My brother brought along, for reference, an old Signet Classic edition of the play. I borrowed it from him afterwards. This morning I was looking through some of the essays in the back, and I found this interesting comment by Robert Orenstein:
Subjected to philosophical analysis the great speeches in Hamlet yield commonplaces. We treasure them for their incomparable poetry, not for their depth and originality of thought—for their revelation of Hamlet's soul, not for their discovery of the human condition. Many questions are raised in the play but few are answered.... Even when Shakespeare seems to dramatize a thesis, he does not debate philosophical positions. He is not interested in abstract thought but in characters who think, who have intellectual as well as physical needs, and who, like Pirandello's characters, cry aloud the reason of their suffering. The "problem" of Hamlet is not an intellectual puzzle.

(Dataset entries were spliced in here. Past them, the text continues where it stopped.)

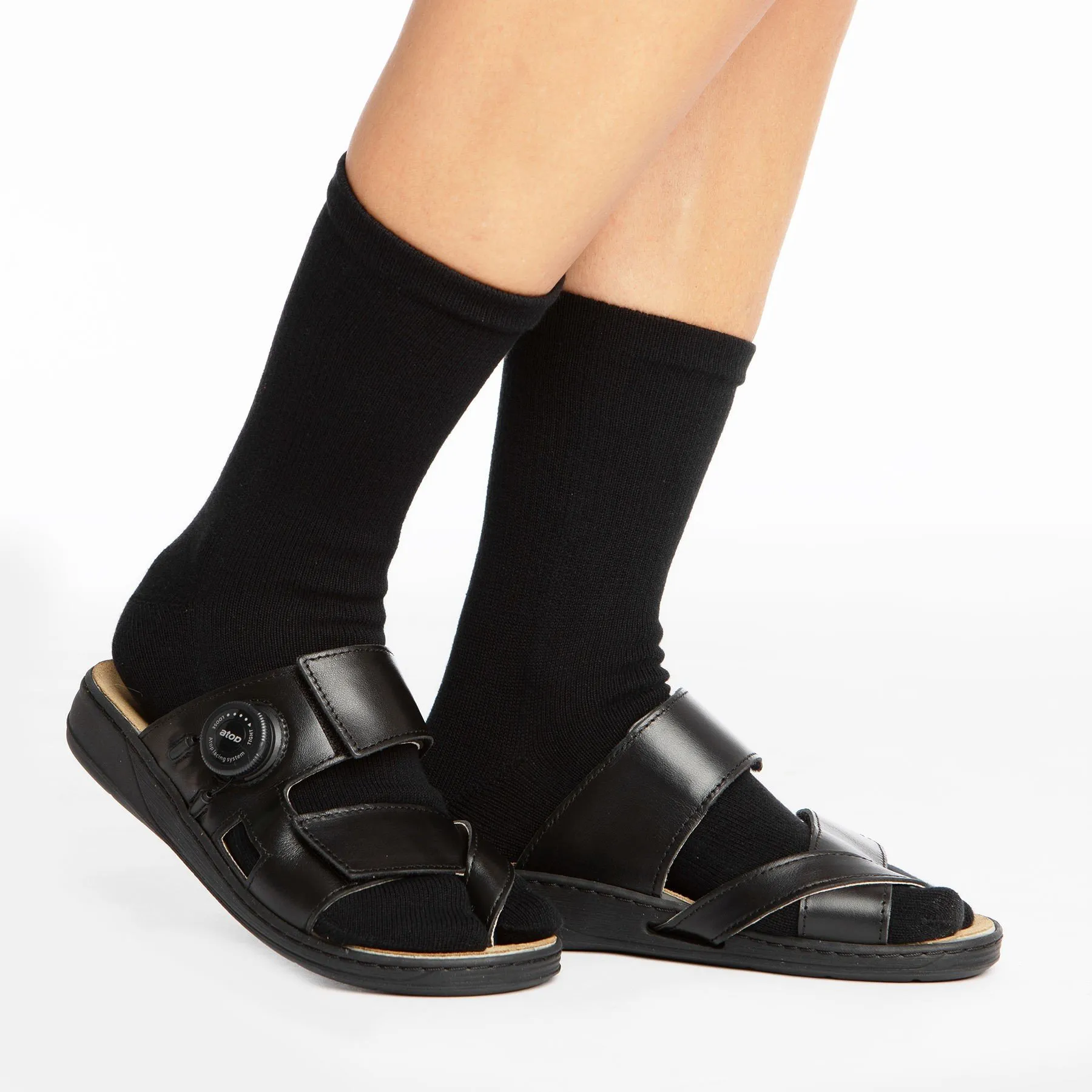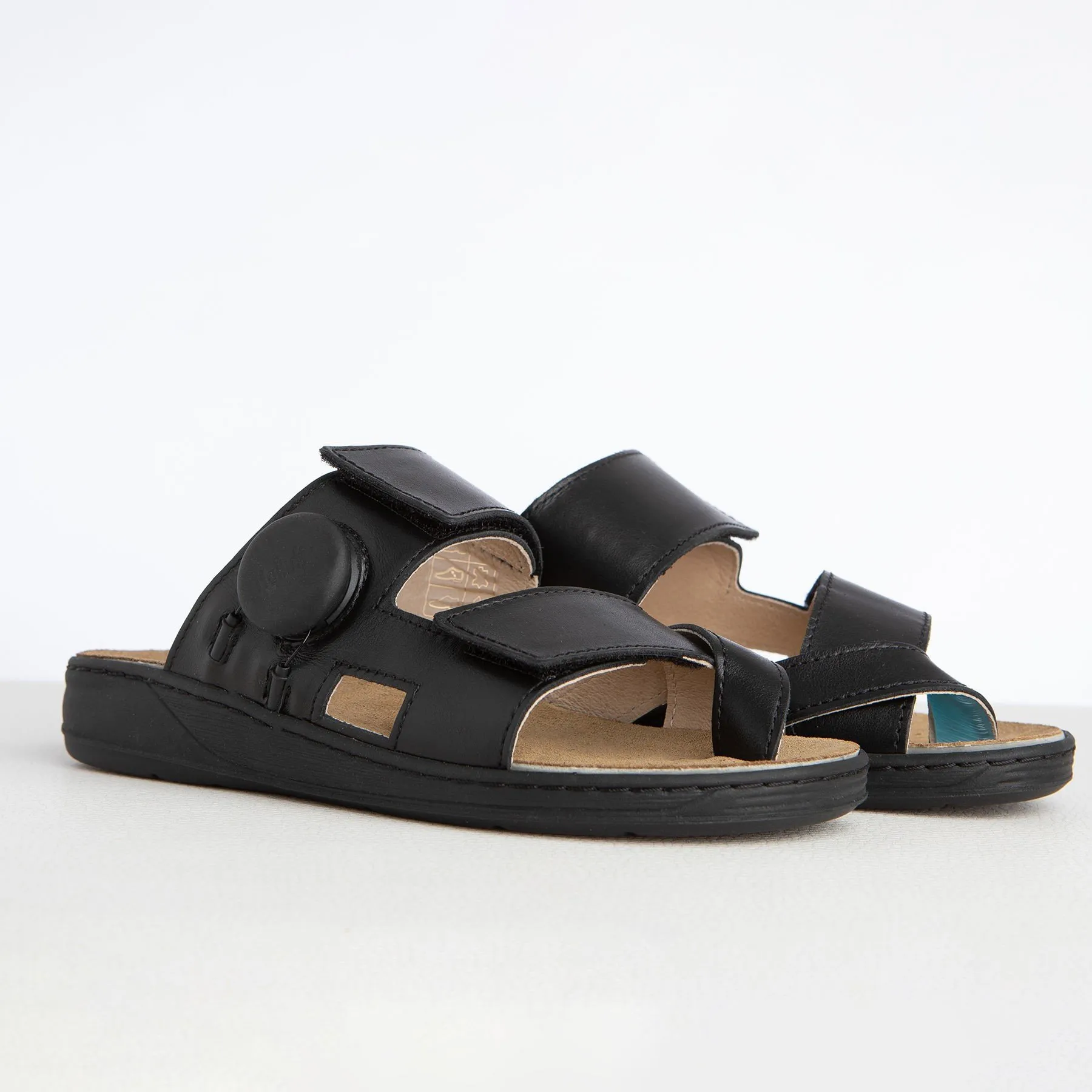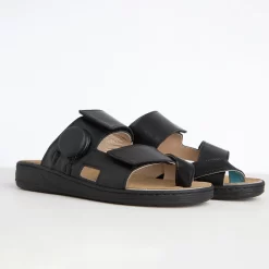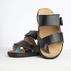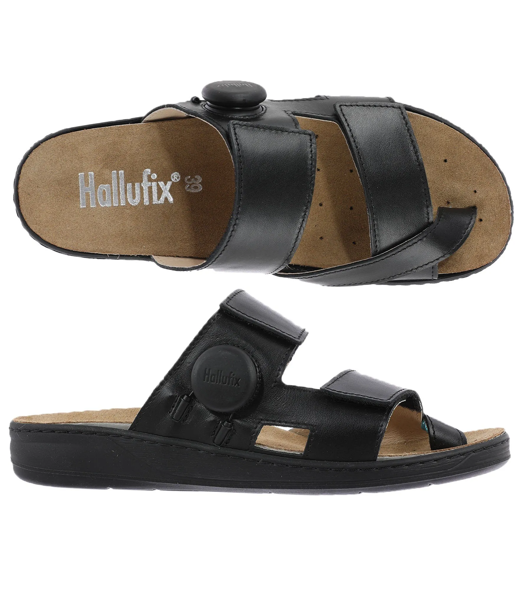 Etwa 10 Millionen Menschen in Deutschland leiden unter einem Hallux valgus und erleben durch diesen mitunter erhebliche Einschränkungen und starke Schmerzen. Sind auch Sie von Ballenzeh betroffen? Dann entdecken Sie bei uns die erste Therapie Sandale, die beim Tragen den Hallux Valgus behandelt. Die Hallufix® Therapie Sandale ist der passende Schuh bei einem Hallux valgus. Mit Hilfe der individuell einstellbaren Großzehschlaufe wird die Fehlstellung des Hallux valgus sanft korrigiert. Die eleganten und legeren Pantoletten sind aus hochwertigem schwarzem Glattleder gefertigt. Die bequemen Pantoletten können elegant, leger und in vielen Arbeitsbereichen optimal getragen werden.
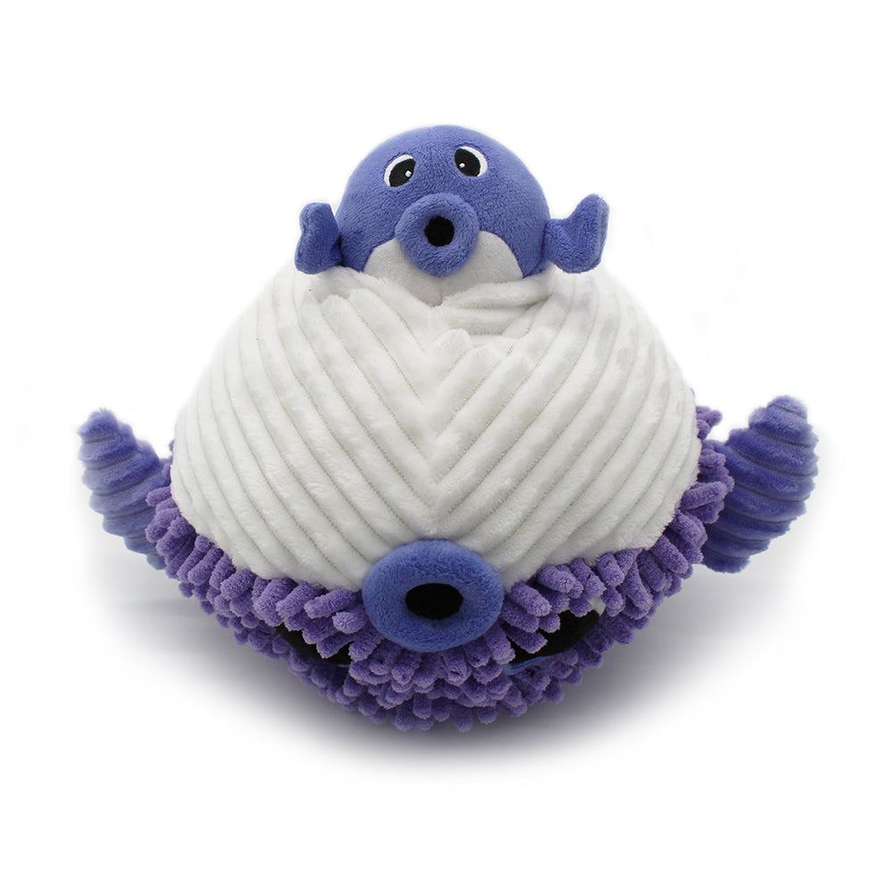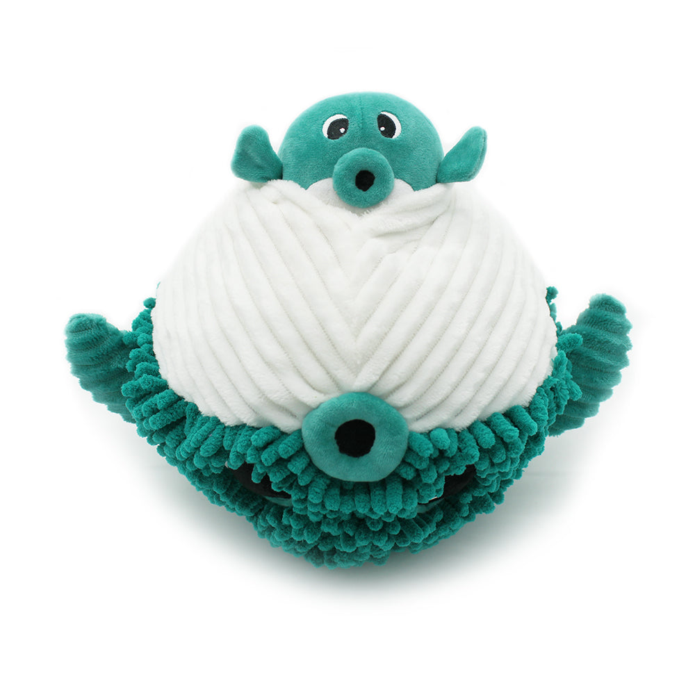 The green Ptipotos blowfish plush toy is sold with its baby hidden under its belly. The 31cm plush toy is very soft in corduroy and terry cloth.
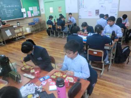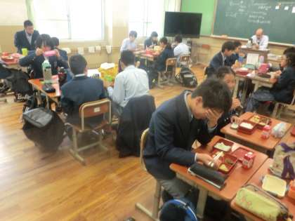 4時間目の道徳を終えて、お昼のお弁当の時間です。

It arises because the play creates so marvelous a sense of the actual improvisation of life that we can find no simple logic in its sprawling action.
1 comment:
The Orenstein excerpt is terrific. For me it seems to name a primary explanation for the call of stories and plays and novels (and poems, I add, thinking of "One Art" and "My Last Duchess"). It's not that they deliver philosophical truths. It's that they make us feel that truth and ask us to test its truthiness in an experience we witness and experience.